Op school voelde ik mij zo erg eenzaam. Mijn beste vriendin was weg. Mijn vriendje, als ik hem al vriendje kan noemen, zat niet hier op school en voor de rest had ik niemand. We hadden het eerste uur wiskunde en ik voelde braaksel opkomen dus sprong op uit mijn stoel en rende naar de wc, zo snel ik kon. Ik poetste mijn mond toen ik eindelijk klaar was en liep terug naar het lokaal. Halverwege moest ik opnieuw overgeven dus rende weer terug. Eindelijk was ik klaar en kon echt terug naar het lokaal. De lerares wiskunde keek mij raar aan.

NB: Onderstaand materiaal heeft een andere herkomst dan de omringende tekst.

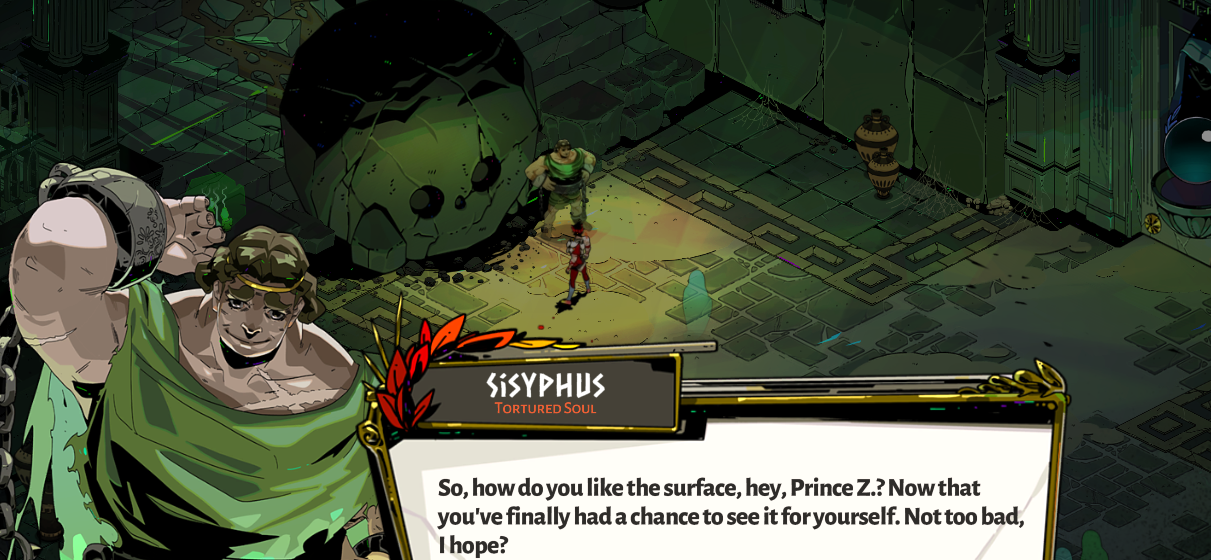 Early on in the roguelike Hades, you’ll likely run into Supergiant’s take on Sisyphus: a cheery chap with an even cheerier boulder (just look at that big fella’s winning smile!). You’ll just as likely pick up on the allusion to that old philosophical question, is Sisyphus happy? More than cheap reference humour, this is the game taking its genre conventions and using them to gently poke fun at you, the player. After all, how could any roguelike not characterise Sisyphus like this? If there was no meaning to be found in a repetitive and unending task - you wouldn’t be playing, would you? The worst thing one can to a joke is over-explain it, but I do want to tie in to the philosophy of humour here. For Schopenhauer, humour is “the suddenly perceived incongruity between a concept and the real”. Conceptually, that Sisyphus could be happy is absurd; in reality, you are; ergo: funny.
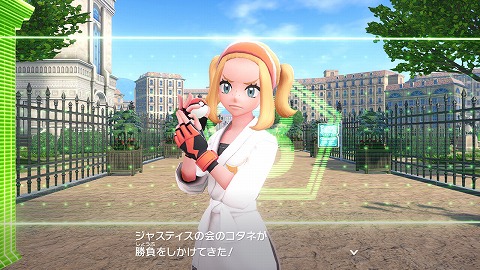 3番ワイルドゾーンに近づくとイベントとなり、ジャスティス会のコタネとポケモン勝負が発生します。
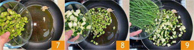 Add the asparagus 7, the zucchini 8 and the agretti 9.
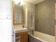 Wij hebben met 7 personen in appartement F7 gezeten dat voor 10-12 personen bedoeld is. We hadden dus alle ruimte. Elk van de 5 slaapkamers beschikt inderdaad over een kleine maar fijne badkamer met een douche, wc en wastafel of bad/douche met wastafel. Er is ook een elektrische verwarming die het snel aangenaam warm maakt. 4 slaapkamers en een aparte WC zijn beneden en boven is de ruime eet/woonkamer en compacte keuken met mega koelkast. De 3 kookpitten is wel aan de magere kant voor 10 personen lijkt ons, maar voor eenvoudige maaltijden is het toereikend. De stoelen en banken zitten uitstekend. Het uitzicht is echt adembenemend! Om te gaan skiën loop je 100meter waar het prima skipad naar Flaine begint. Je moet 1x een korte stoeltjeslift nemen om er te komen, dus zorg dat je de skipas dan al hebt. Je kunt ook met de bus gaan. Terug MOET je met de bus die altijd goed vol zit, zelfs in het laagseizoen. Flaine Resort heeft hele mooie appartementsgebouwen en chalets. Flaine zelf is een saai betondorp, maar daar hoef je verder niet te zijn. Qua liften is het ook een uitstekend gebied. Alles sluit er goed op elkaar aan en er zijn vele pistes per lift. De lunches op de terrassen zijn wel behoorlijk prijzig. Al met al beslist een aanrader! Absoluut veel waar voor het geld omdat de skipas relatief heel goedkoop is i.c.m. het appartement.
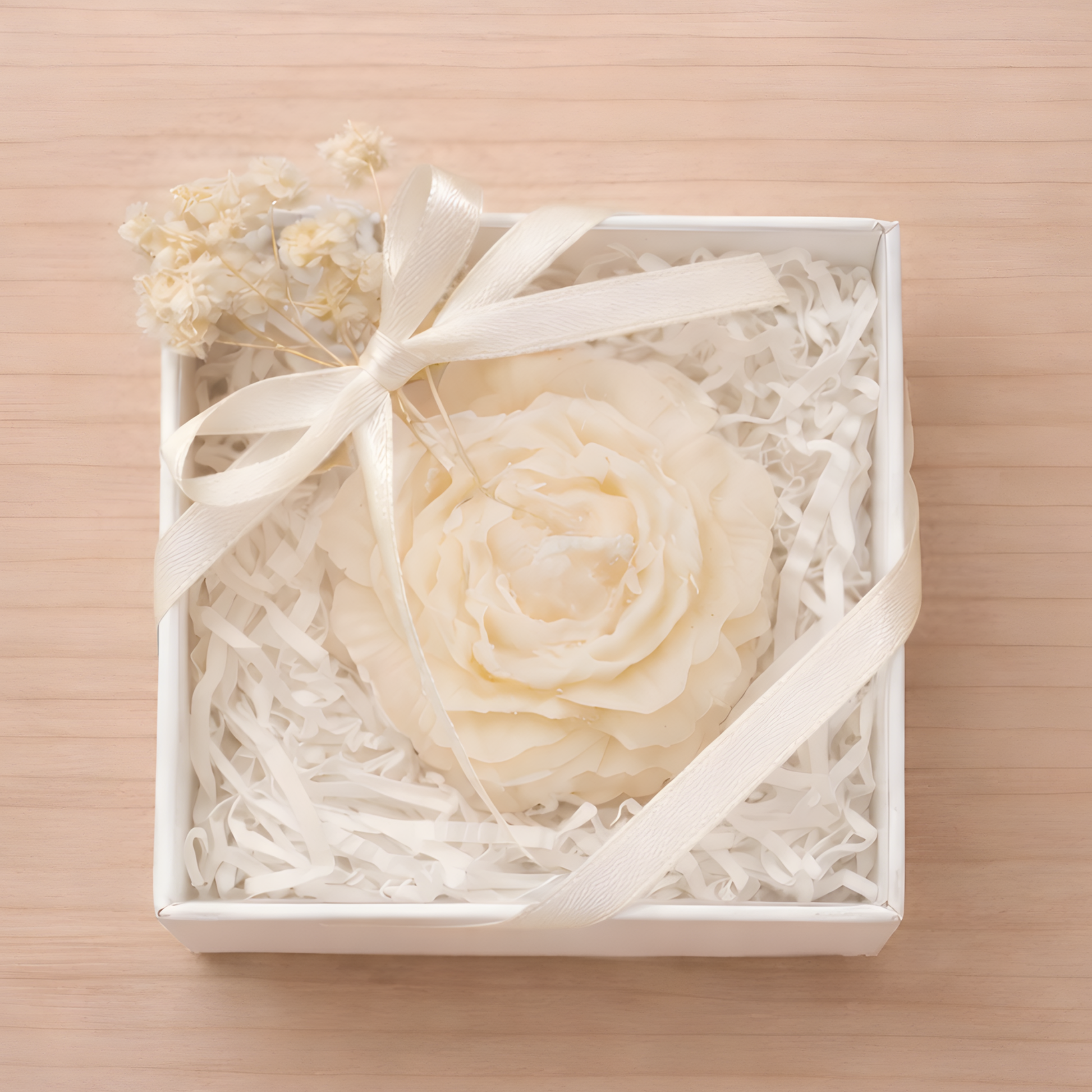 Η λεπτομερής παιώνια από κερί, τοποθετημένη σε λευκό κουτί δώρου με διακοσμητικό χαρτί και δεμένη με κορδέλα, δημιουργεί ένα εκλεπτυσμένο αποτέλεσμα που αποπνέει φρεσκάδα και διαχρονική αισθητική.
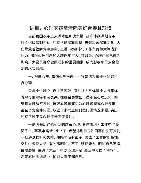 讲稿:心理雾霾常清除 美好青春且珍惜 2024-01-11 Word模板 136 购买前,请一定要先点击这里看看,欢迎持续关注,精彩模板每天推送 预览结束,本文件为word文档,一共9页,共4438字,请购买后,下载后查看 购买前,请一定要先点击这里看看,欢迎持续关注,精彩模板每天推送 资源下载下载价格29 RMBVIP免费升级VIP点击检测网盘有效后购买有任何充值和下载问题请加微信:xuexixuexi66 0 党课及生活会
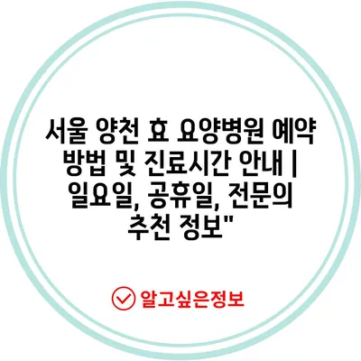✅ 양천 효 요양병원의 예약 방법 및 자세한 진료시간을 알아보세요.
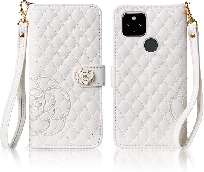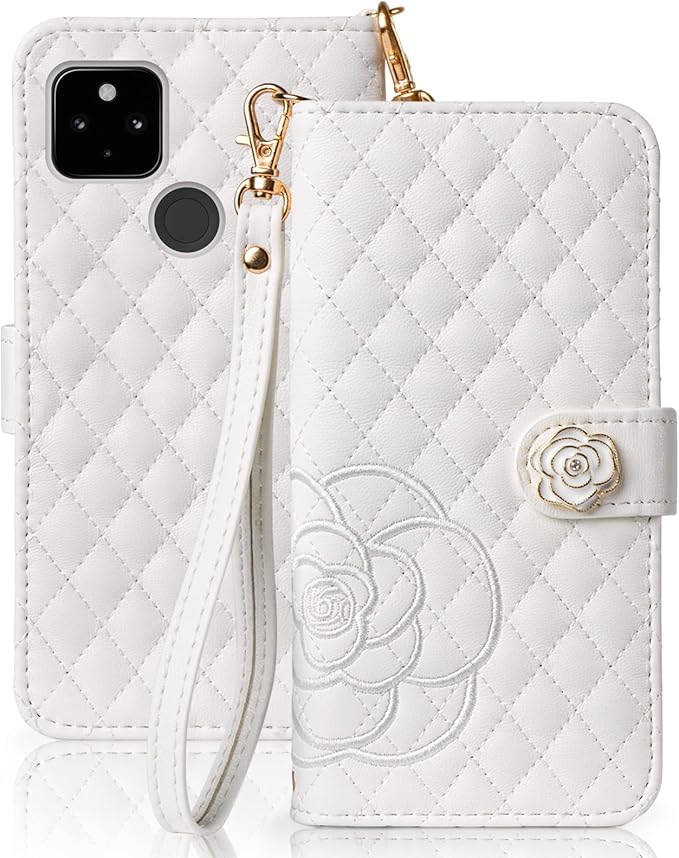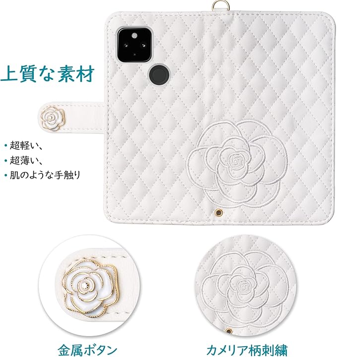 SZJAMIE Google Pixel 4a 5G ケース 手帳型 Pixel 4a 5G 手帳型ケース 薔薇刺繍 おしゃれ カメリア花柄 グーグル ピクセル 4a 5G スマホケース 女性向け 上品 高級レザー 軽量 可愛い 手触り 耐衝撃 カード収納 財布型 横置きスタンド機能 全面保護 ストラップホール付き (Google Pixel 4a 5G 対応, ホワイト) | KAZESHOP
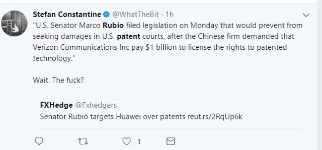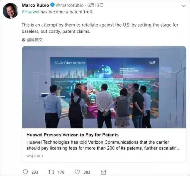 在该消息被爆出的第二天,一直以反华立场作为自己政治"卖点"的美国"知名"议员马尔科·卢比奥(Marco Rubio)在自己的推特上喷华为"专利流氓":华为的专利是"毫无根据但价格高昂的"。
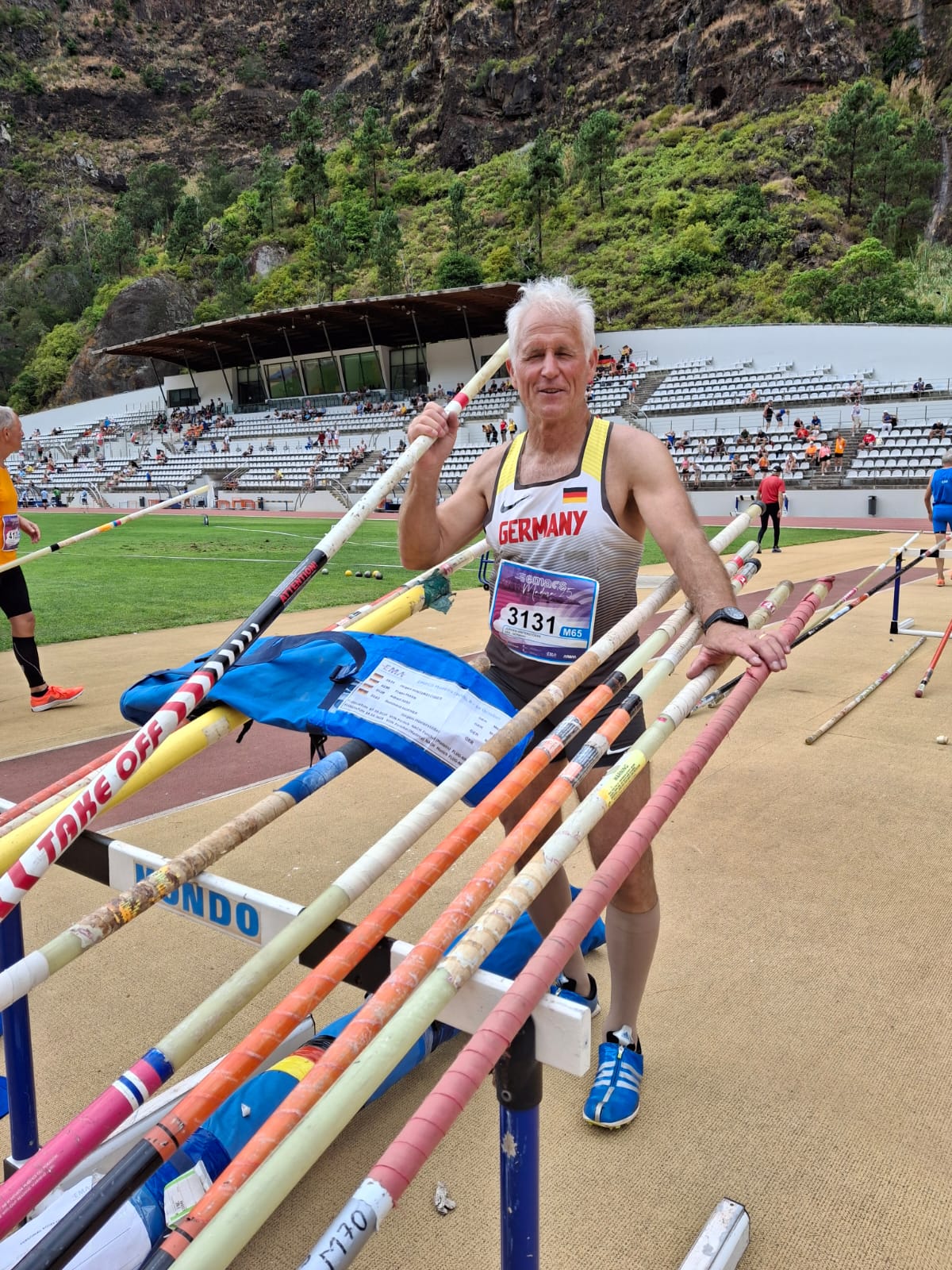 Zwei Tage nach dem Zehnkampf starteten Franz Mayr und Jürgen Hinterstößer beim Stabhochsprung. Und hier gelang dem 70 jährigen Franz, obwohl er diese Spezialdisziplin erst wieder dieses Jahr trainiert hatte, ein hervorragender fünfter Platz mit übersprungenen 2,75m. Jürgen Hinterstößer, seit Jahren der Stabhochsprung-Pabst in Schwaben, wiederholte sein Sprungergebnis des Zehnkampfes: 2,60m bedeuteten Rang neun im starken Teilnehmerfeld der 65 jährigen Männer. (MS). Ergebnisse>>
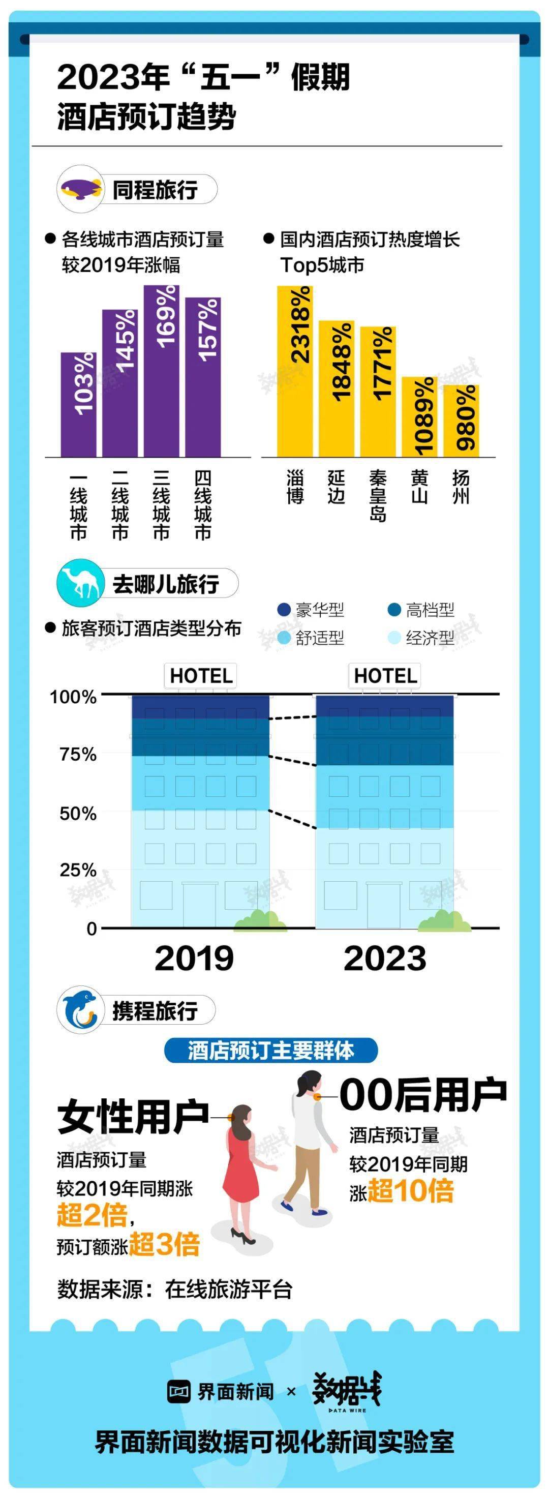 三、四线城市旅游同样火爆。据同程旅行数据,“五一”假期国内三线及以下城市酒店预订量较2019年同期增长超150%;酒店预订热度增长最快的是山东淄博,上涨超23倍。去哪儿数据显示,今年“五一”假期高档型、舒适型酒店预订合计占比48%,较2019年同期提升9个百分点。另据携程数据,女性和“00后”在酒店预订上购买力强劲。

''Waar ben jij geweest, mevrouw Van Dam?''
''Ik moest ineens heel erg overgeven. Sorry, dat het net in uw les is.''
''Gaat het dan weer een beetje of wil je liever naar huis?''
''Ik ga toch liever naar huis. Is het goed als ik dan wel gewoon deze les afmaak?''
''Tuurlijk, als je weer moet overgeven ren je maar weer weg maar dan moet je wel de les verlaten.''
''Ja mevrouw.''
De les verliep voor de rest zonder over te geven. Hoe kan ik nou ineens overgeven? Ik voel me goed en heb niks verkeerds gegeten. Ik snap het niet.
Ik liep naar de receptie om me ziek te melden en ik ging extra naar de vrouw die er niet moeilijk over doet als je naar huis wilt. Ik kon gewoon naar huis maar mijn moeder moest wel bellen als ik thuis aankwam. Anders geloofden ze mij natuurlijk niet.
Ik was al om 10 uur terug van school en mijn moeder kwam pas om vier uur terug van haar werk. Genoeg tijd dus om nog even langs te gaan bij Nicolai.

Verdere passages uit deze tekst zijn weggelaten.